Rami Abdul-Rahman, who heads the British-based Syrian Observatory for Human Rights, described the attacks in Homs as a kind of "hysteria" as government forces desperately try to get the situation there under control ahead of the monitors' arrival.
"The observers are sitting in their hotel in Damascus while people are dying in Homs," he said.
The Observatory called on the monitors "to head immediately to Baba Amr to be witnesses to the crimes against humanity that are being perpetrated by the Syrian regime."
France expressed strong concerns about the continued deterioration of the situation in Homs and urged Syria's government to allow Arab League observers immediate access. French Foreign Ministry spokesman Bernard Valero said Syrian authorities should allow the observers access to the city "starting this afternoon."

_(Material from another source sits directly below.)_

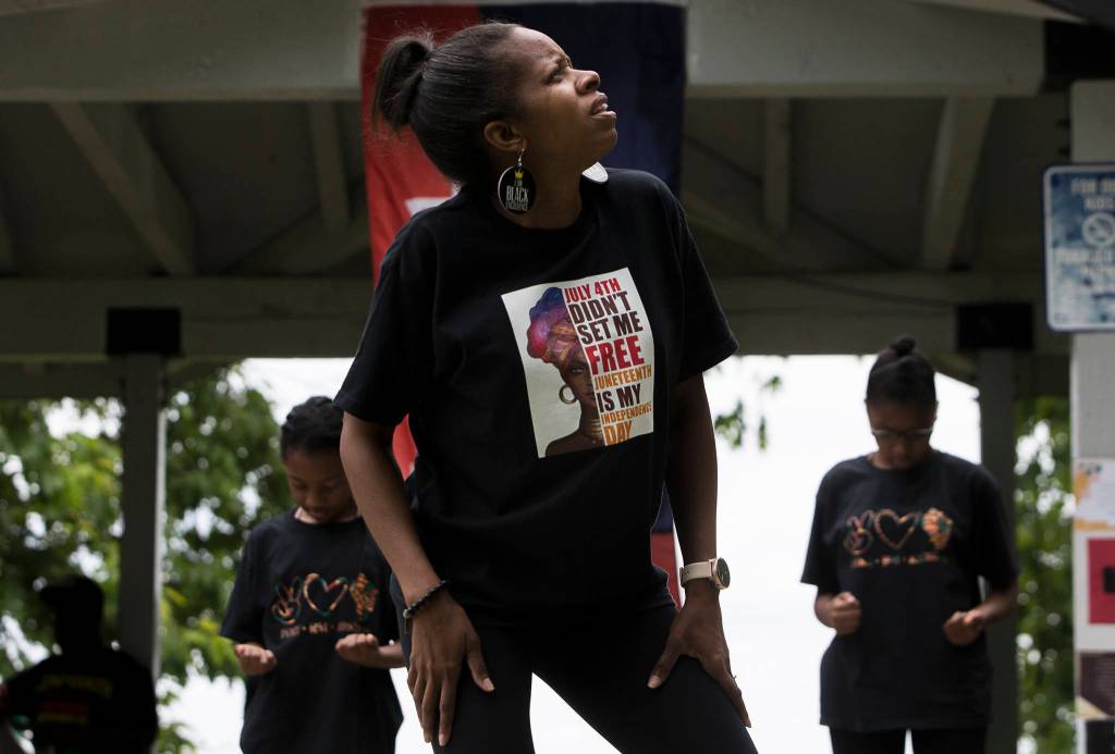 Junelle Lewis becomes emotional while performing a dance with her children during the Justice to Jubilee Juneteenth Celebration at Skykomish River Park on Saturday, June 19, 2021 in Monroe, Wa. (Olivia Vanni / The Herald)
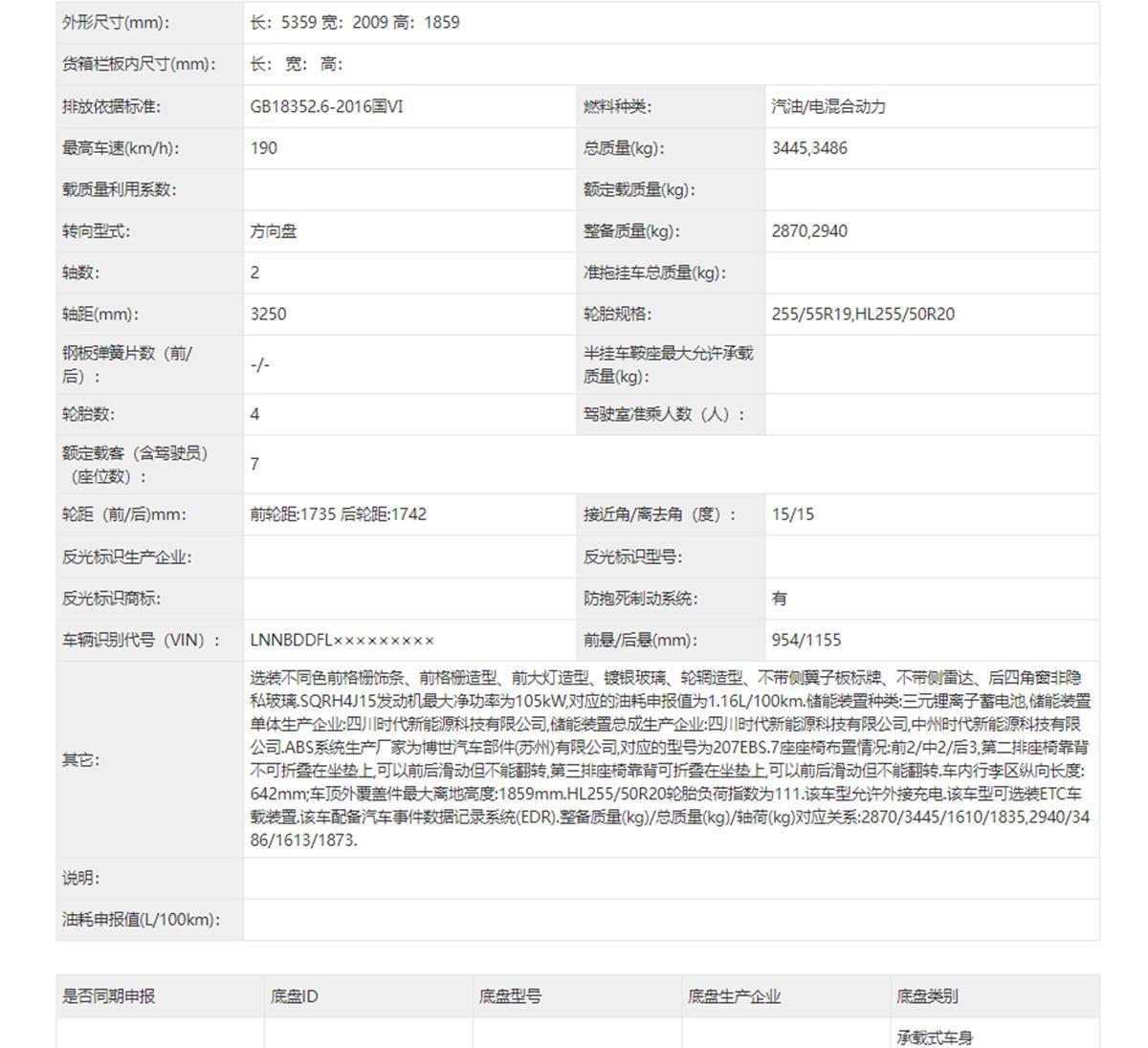 动力配置方面,此次申报的智界V9搭载的是由1.5T增程发动机和电机组成的增程式插电混动动力系统,其中增程器的最大功率为115千瓦,匹配的是三元里离子电池组。

Although Syria showed no sign of altering its course, the Arab League said it was going ahead and officials declined to comment on the continued crackdown. Arab League chief Nabil Elaraby said 70 Arab monitors will arrive in the evening to join an advance team. Elaraby told reporters after meeting with the observers in Cairo that the mission will begin its work Tuesday. Up to 500 monitors are to be eventually deployed.
Anwar Malek, a member of the monitoring mission, insisted they will have absolute freedom of movement in Syria, adding that the team will travel to flashpoint cities including Homs, Aleppo, Daraa, Idlib and Hama. He and other observers refused to disclose the exact travel itinerary, saying they preferred to maintain some secrecy to ensure the mission's success.
Assad stalled for weeks on agreeing to the Arab League plan and signed only after the League threatened to turn to the U.N. Security Council to help stop the violence.
The opposition believes the authoritarian leader is only trying to buy time and forestall more international sanctions and condemnation.
Amateur videos posted by activists on the Internet showed gruesome footage of at least four corpses lying in pools of blood in front of a house in Baba Amr, where they reportedly died from mortar shells that struck the neighborhood.
Men could be heard crying for help and women wailing in the video, which also showed several destroyed homes and cars.
A resident of a neighborhood next to Baba Amr said he heard "loud explosions" throughout the night and Monday morning.
"It doesn't stop," he told The Associated Press on condition of anonymity, for fear of reprisals.
The Local Coordination Committees activist network also reported intense shelling "targeting homes and anyone who moves" in Baba Amr.